**TASK DIRECTIONS**
In the records below, find the line with "520 3 Mark, 1915, Ernst", then copy each line exactly until you have copied the line with "Kraków. Pierwsza konferencja". Leave any picture out.

DATA TO EXAMINE Start Marker

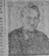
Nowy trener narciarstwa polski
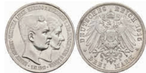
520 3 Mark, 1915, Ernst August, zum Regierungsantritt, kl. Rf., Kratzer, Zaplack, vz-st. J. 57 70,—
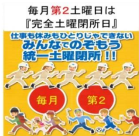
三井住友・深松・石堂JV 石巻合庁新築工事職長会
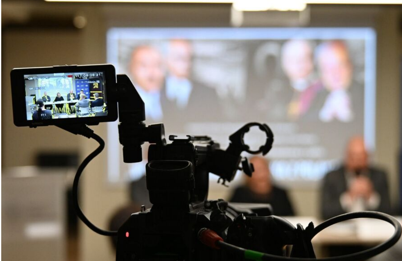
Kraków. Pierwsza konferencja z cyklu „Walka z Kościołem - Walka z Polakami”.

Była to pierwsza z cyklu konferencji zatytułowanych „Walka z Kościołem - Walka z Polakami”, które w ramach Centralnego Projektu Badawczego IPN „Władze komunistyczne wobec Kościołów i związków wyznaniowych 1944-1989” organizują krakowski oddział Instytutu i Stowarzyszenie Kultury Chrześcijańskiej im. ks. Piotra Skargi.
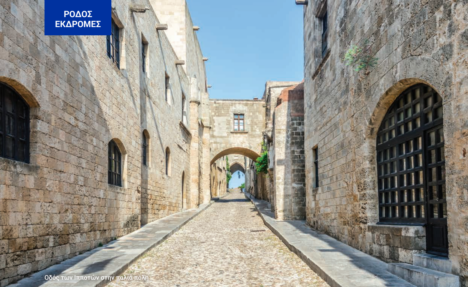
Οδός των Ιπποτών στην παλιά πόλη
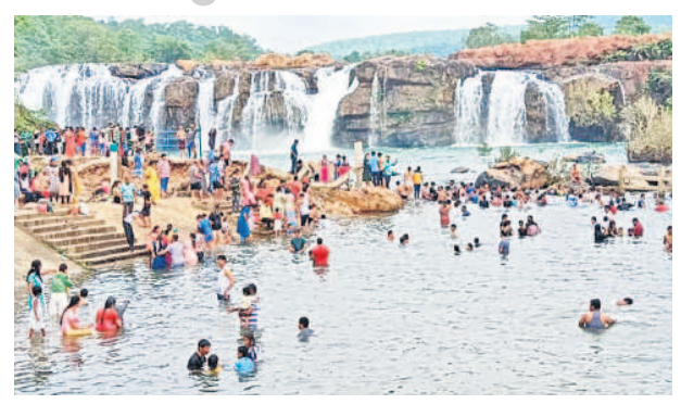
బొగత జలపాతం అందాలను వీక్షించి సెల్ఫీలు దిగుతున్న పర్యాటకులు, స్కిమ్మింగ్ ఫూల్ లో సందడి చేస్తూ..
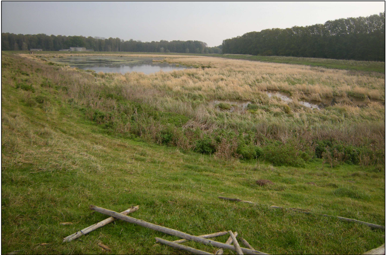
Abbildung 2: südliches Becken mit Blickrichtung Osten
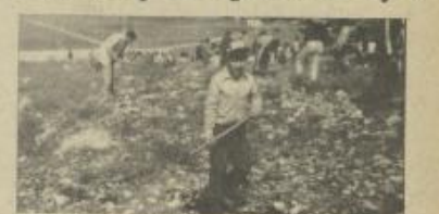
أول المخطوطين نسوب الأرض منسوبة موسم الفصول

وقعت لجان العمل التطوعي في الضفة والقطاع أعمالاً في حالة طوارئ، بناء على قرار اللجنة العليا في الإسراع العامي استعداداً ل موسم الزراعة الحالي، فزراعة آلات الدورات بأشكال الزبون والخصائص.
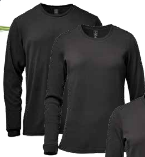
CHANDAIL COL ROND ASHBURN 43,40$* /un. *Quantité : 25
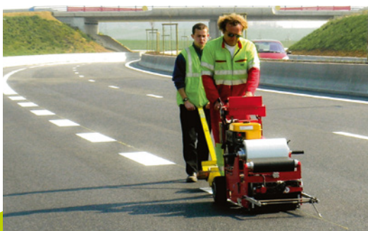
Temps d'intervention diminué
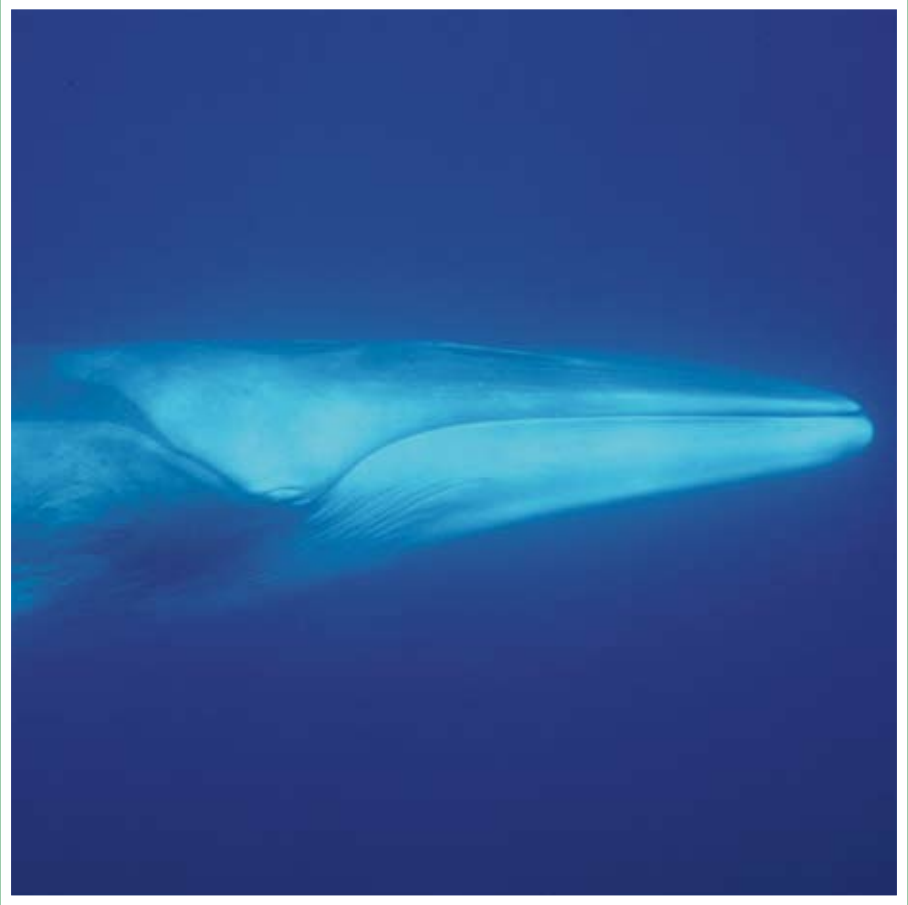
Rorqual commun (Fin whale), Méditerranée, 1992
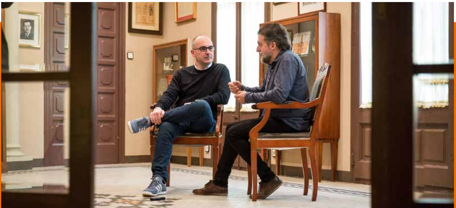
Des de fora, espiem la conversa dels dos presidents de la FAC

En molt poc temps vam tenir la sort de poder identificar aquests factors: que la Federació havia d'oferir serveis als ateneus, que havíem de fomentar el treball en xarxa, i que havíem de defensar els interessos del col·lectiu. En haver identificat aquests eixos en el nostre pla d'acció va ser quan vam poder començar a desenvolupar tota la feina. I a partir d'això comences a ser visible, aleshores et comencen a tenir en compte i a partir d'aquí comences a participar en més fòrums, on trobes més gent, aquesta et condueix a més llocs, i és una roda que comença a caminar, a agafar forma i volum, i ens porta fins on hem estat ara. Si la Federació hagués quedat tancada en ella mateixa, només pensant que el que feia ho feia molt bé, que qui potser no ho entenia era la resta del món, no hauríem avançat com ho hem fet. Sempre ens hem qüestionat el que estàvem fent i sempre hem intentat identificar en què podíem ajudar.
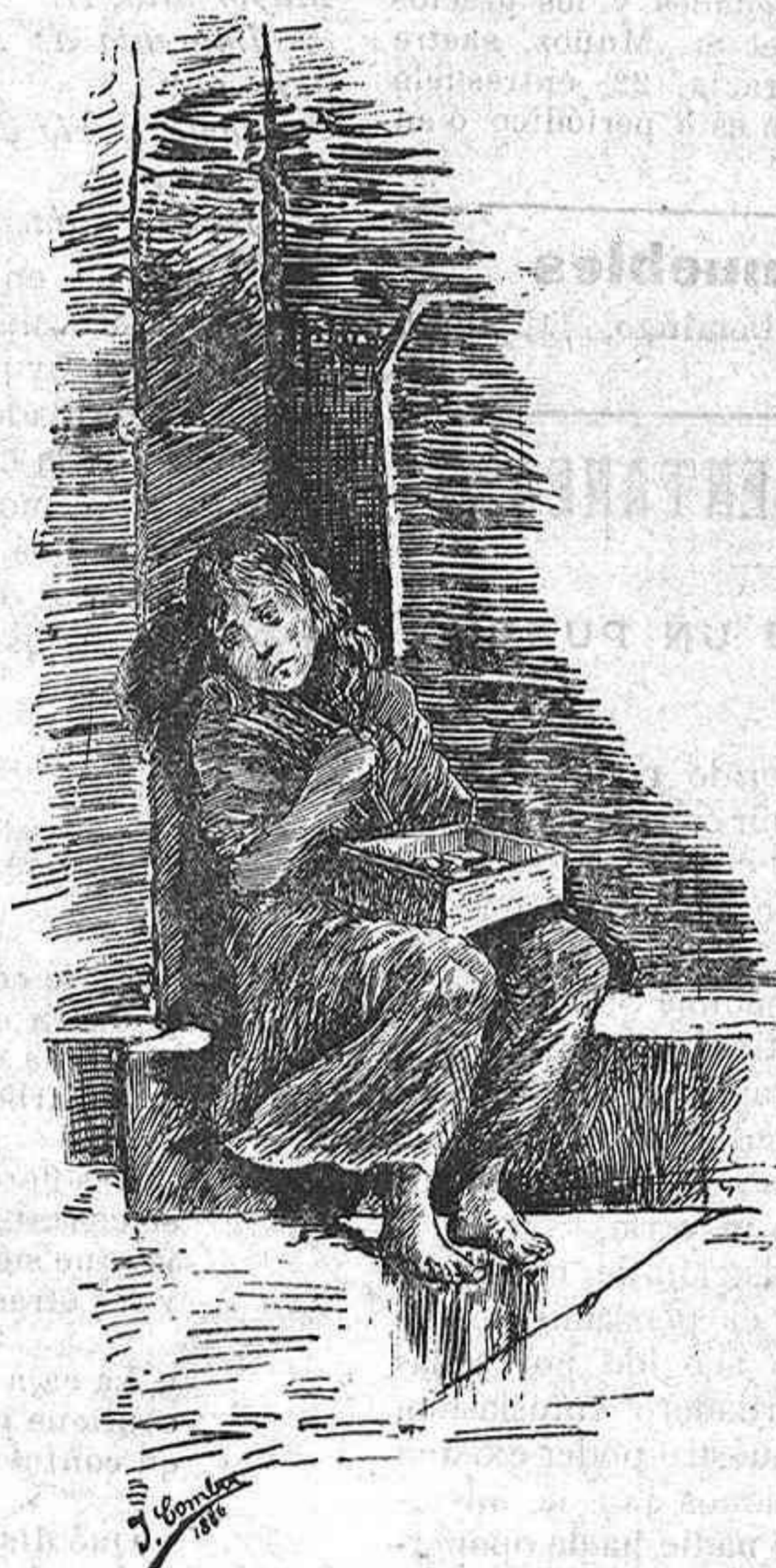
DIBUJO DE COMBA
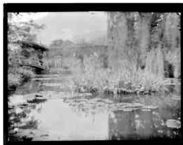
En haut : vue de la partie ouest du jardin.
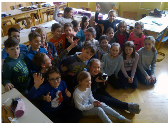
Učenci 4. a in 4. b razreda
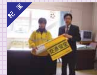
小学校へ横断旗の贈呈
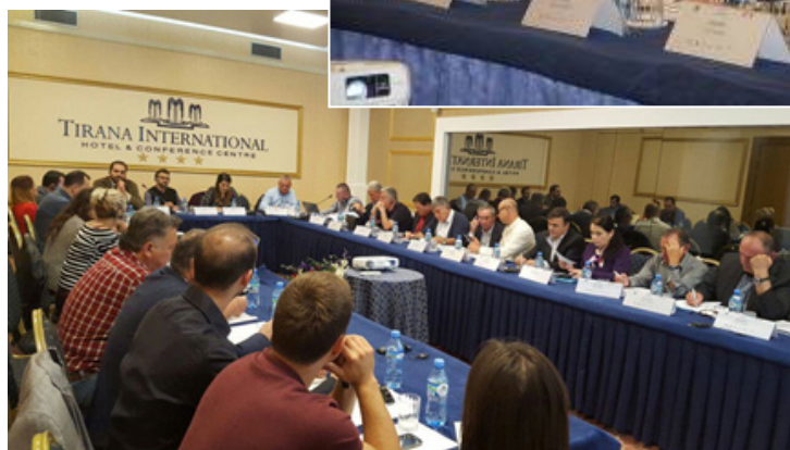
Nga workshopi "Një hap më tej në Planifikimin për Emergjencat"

DATA TO EXAMINE End Marker

**EXERCISE SOLUTION**
520 3 Mark, 1915, Ernst August, zum Regierungsantritt, kl. Rf., Kratzer, Zaplack, vz-st. J. 57 70,—
三井住友・深松・石堂JV 石巻合庁新築工事職長会
Kraków. Pierwsza konferencja z cyklu „Walka z Kościołem - Walka z Polakami”.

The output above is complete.